Listeria monocytogenes is an important human pathogen

that produces severe diseases in pregnant women, neonates

and immunocompromised individuals including the

elderly and people with cancer (Farber & Peterkin, 1991;

Vazquez-Boland et al., 2001). Given the increase in the

proportion of aged populations over recent decades and

the longer survival of cancer patients, listeriosis remains a

major food-associated public health concern in developed

countries (Pearson & Marth, 1990). In fact, a number of

reports have indicated that the prevalence of listeriosis in

developed countries has increased during recent years

(Garcia-Alvarez et al., 2006; Koch & Stark, 2006). One of

the main reasons for this trend is the fact that L. mono-

cytogenes can grow in refrigerated foods, even in the

presence of commonly used inhibitory agents used as

preservatives.

However, the current knowledge of the ecology of this

important bacterium and, in particular, the mode of trans-

mission and survival in the environment, remains very

limited. Filling this information gap may assist the food

industry to minimize the potential for contamination of food

materials by this opportunistic pathogen. Recent studies of

the microbial ecology of other intracellular pathogens has

highlighted the potential role of protozoan hosts to act as

reservoirs of these bacteria and, indeed, act as vectors for

dissemination to mammalian hosts (Winiecka-Krusnell &

Linder, 1999, 2001). In particular, Acanthamoeba spp. have

been studied as an alternative host for these pathogens

(Greub & Raoult, 2004). Because Acanthamoeba spp. are

widespread and naturally feed on free-living bacteria, it is

reasonable to assume that this group of protozoa could

interact with Listeria spp. in the environment. Ly & Muller

(1990), in a co-cultivation assay, argued that L. monocytogenes

survived within amoeba cells. Most recently, Zhou et al.

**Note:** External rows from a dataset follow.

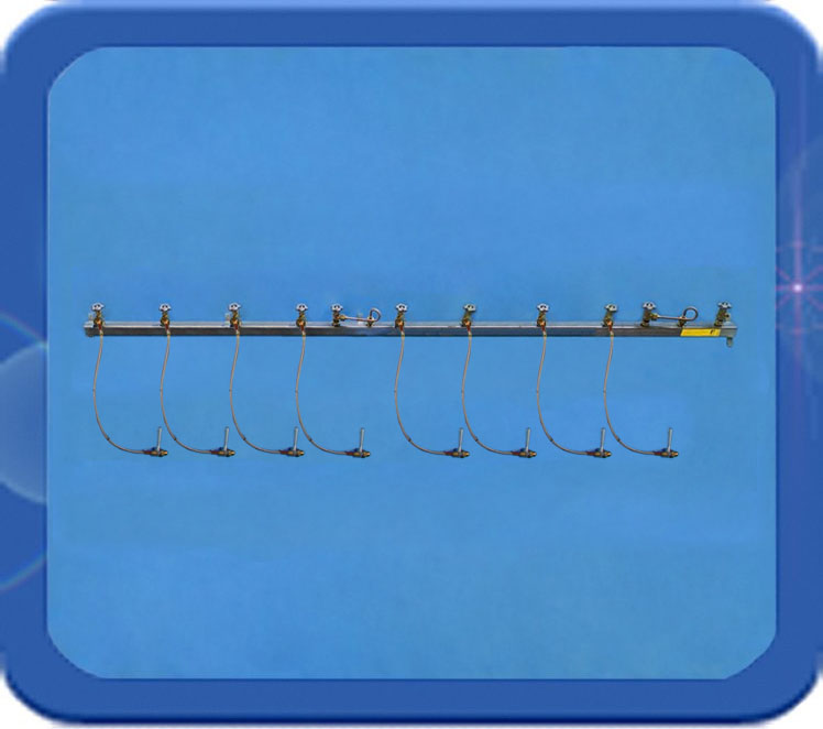 De batterijbalk 2 x 5 cilinders bestaat uit een RVS hoekprofiel met aardaansluiting met 2 x vijf cilinderafsluiters, 2 sectieafsluiters en een hoofdafsluiter aan de linker zijde, tien 75 cm RVS/PTFE batterijslangen met 21,8 l aansluiting voor op de cilinder en een gereduceerde afblaasafsluiter met vlamdover DGN. Met de sectieafsluiters kan de linker of de linker sectie afgesloten worden. Staan beide sectieafsluiters open, dan wordt uit alle tien de flessen tegelijk afgenomen. Alle afsluiters staan onder een hoek van 45 graden naar beneden gericht, zodat de afsluiters makkelijk te openen zijn en de slang niet kan knikken. Voor de hoofdafsluiter houden we de 21,8 l uitwendige cilinderaansluiting aan . De afstand tussen de cilinderafsluiters komt overeen met de afstand tussen de cilinders bij de flesbalk.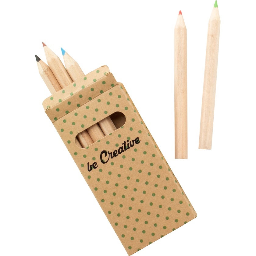 Fargepenner i en forpakning som trykkes helt etter dine ønsker. Monica, inneholder 6 stk. fargepenner i ulike farger. Hele den utvendige overflaten på forpakningen trykkes etter dine egne instruksjoner.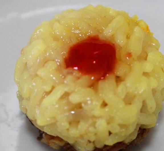 這是臘腸的米飯,感覺就是太小瞭,大傢可以用大一點的橘子,我用的太小瞭,一口都吃完瞭。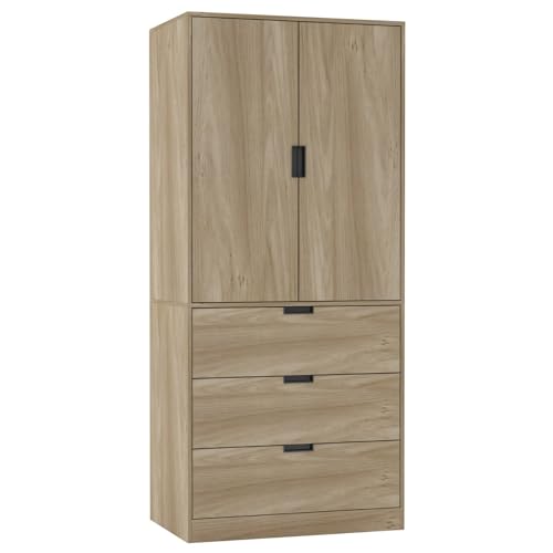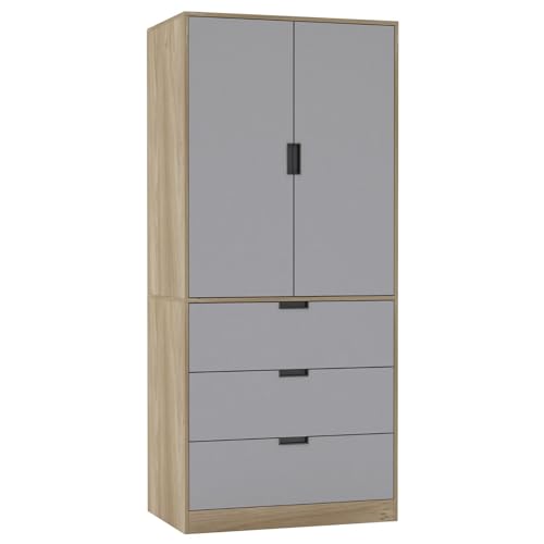 URBNLIVING Modern 2 Door Wardrobe with 3 Drawers & Hanging Rail, Stylish Freestanding Storage, Spacious Interior, Durable Chipboard Build, Easy to Assemble Bedroom Furniture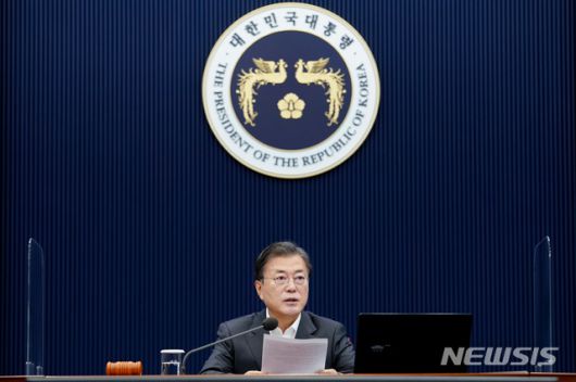 [서울=뉴시스박영태 기자 = 문재인 대통령이 1일 오전 청와대 여민관에서 열린 영상 국무회의에 참석해 발언하고 있다. 2020.12.01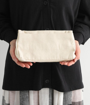 くたっとした肌触りがこなれた雰囲気のコットン帆布を使用した、三角マチがかわいいポーチです。見た目以上にしっかりと容量があり、バッグインバッグとしても重宝します。歯ブラシなどの長さのあるものも入るので、旅行や出張のお供にもおすすめ。内側は細かく仕分けができるよう小部屋に分かれています。目的やシーンに合わせて何個も欲しくなりそうな万能アイテムです。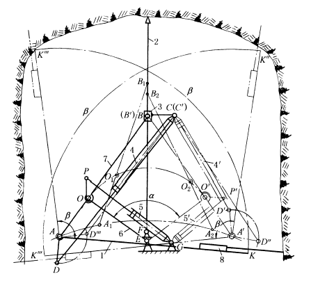下图中,为使凿岩机8在巷道断面的各个方位均能打眼,采用了由两个油缸控制的托架摆动机构。 凿岩机8打眼时,先将立柱2固定(通过气压千斤顶顶在坑道顶板上),当油缸5的活塞杆伸缩时,可使摇臂6绕E转动,并可停在α角内的任一位置,摆臂7上A、B点分别在轨迹AA1A2A' 与立柱2上占有相应位置(如A1O1B1,A2O2B2),AB位置固定后,油缸4的活塞杆可使托架1绕A点转动,并可在β角范围内任一位置停住(如AK或AK'",A'K' 或A'K"),使凿岩机8进行打眼。通过油缸4、5配合动作,可使凿岩机在坑道横断面内的三向任意方位进行打眼。 |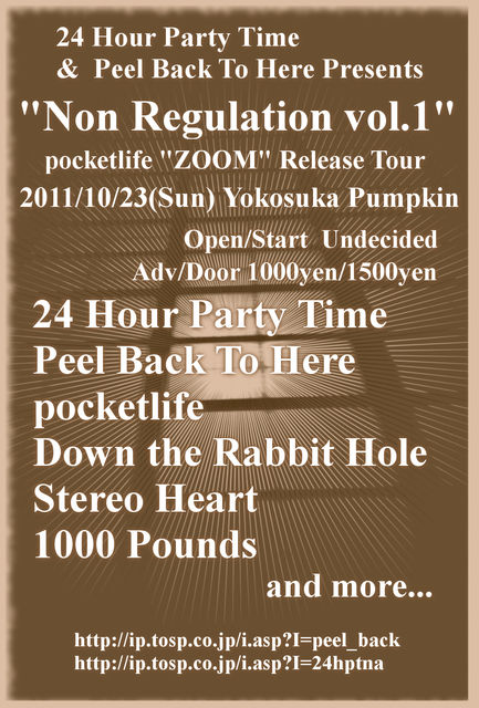 24 Hour Party Time & Peel Back To Here Presents "Non Regulation Vol.1" pocketlife "ZOOM"RELEASE TOUR「コラーゲンツアー」、24pt,PBTHレコ発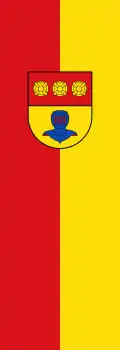 Banner: „Das Banner ist rot-gelb längsgestreift mit dem aufgelegten Wappen oberhalb der Mitte.“ |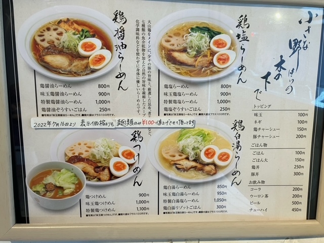 藤が丘駅から5分程歩いたもえぎ野公園前交差点の一角にあるラーメン店です。以前この辺りを通った時にはなかったので、最近開店してようです。店内はカウンター席6席とテーブル席が2卓とこじんまりとしたお店です。平日の11:15に行くと先客が2組。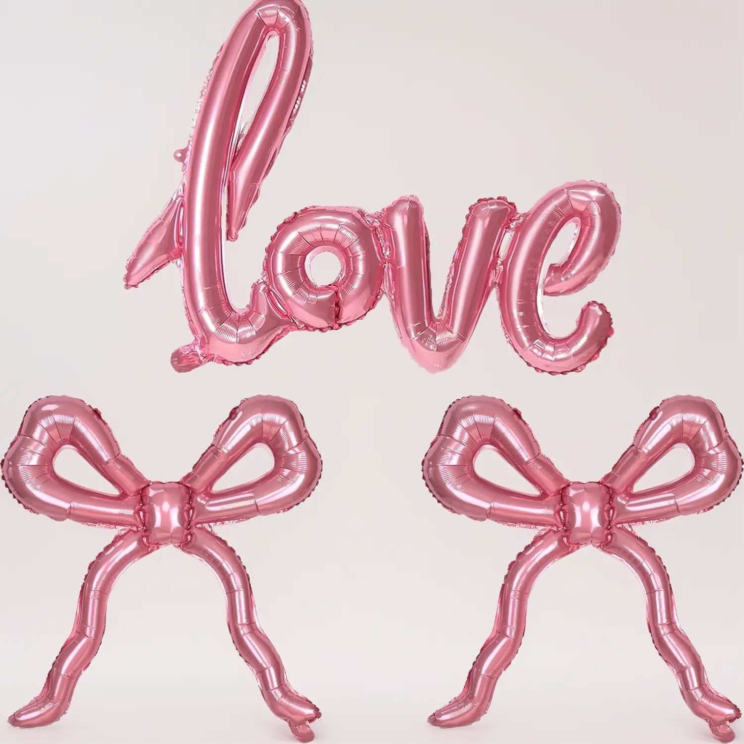 ✨Elevate your celebration with this trendy Pink Love & Bow Balloons Set!🎀

(2007) showed that L. monocytogenes in a co-culture with

Acanthamoeba castellanii survived after predation by amoeba

trophozoites. However, they did not unequivocally show the

replication of bacteria within amoeba cells. Further, Huws

et al. (2008) found no evidence of survival or multiplication

of L. monocytogenes within Acanthamoeba polyphaga cells.

Conversely, they found that Listeria cells were eliminated by

A. polyphaga trophozoites.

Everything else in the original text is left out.